The Virginia hotel company will share the space with the newspaper

SHAMIN HOTELS, ONE of the largest Asian American owned hotel development and management companies in the country, has a new home with a literary pedigree. It has purchased the Richmond Times-Dispatch newspaper building that it will renovate and share with the newspaper.

Shamin bought the four-story, nearly century-old building for $14.462 million on Jan. 2 and is planning a $1 million renovation, according to the Times-Dispatch. Its previous assessed value is $20.293 million.


The newspaper will consolidate its offices on the building’s fourth floor while Shamin’s new offices will be on the third. The move is expected to be finished later this year.

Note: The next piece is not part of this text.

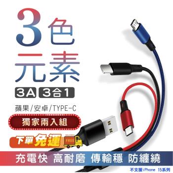 【買一送一】三色元素 3.0A 三合一編織充電線 Micro USB TYPE-C Lightning

At 40,000 square feet, the new office will be a substantial increase from Shamin’s current 17,000-square-foot office. Shamin CEO Neil Amin has looking for a larger office space to accommodate the company’s growth.

“The key to our search was finding centralized space that provides areas for teamwork, collaboration and wellness. We feel that the RTD building provides all of that and more,” Amin said. “The downtown location is accessible to all of our associates who live across the region from New Kent to Midlothian and from Hopewell to Short Pump, as well as those that travel from the D.C. and Hampton Roads areas.”

Shamin operates 59 hotels in six states with 36 of them in the Richmond area, such as the Renaissance Portsmouth Norfolk Waterfront hotel in Portsmouth. It was founded by Amin’s father P.C. Amin with his partner and brother-in-law, B.N. Shah, in 1979. The company was featured as the cover story for Asian Hospitality’s February 2019 issue.

Built in 1923 to house the Times-Dispatch and the former Richmond News Leader, the 172,110-square-foot building, which has an attached parking deck, has been expanded three times during its existence. The paper’s former President and Publisher Thomas Silvestri had been trying to sell the building for two years as the number of employees at the publication has shrunk.

“We have found the right partner to allow us to stay true to our downtown roots while upgrading our offices into a first-class operation,” Silvestri said. “We welcome Shamin to our longtime home and look forward to helping [Shamin Hotel’s] Neil Amin keep the building a vibrant center of activity in an important part of Richmond’s downtown.”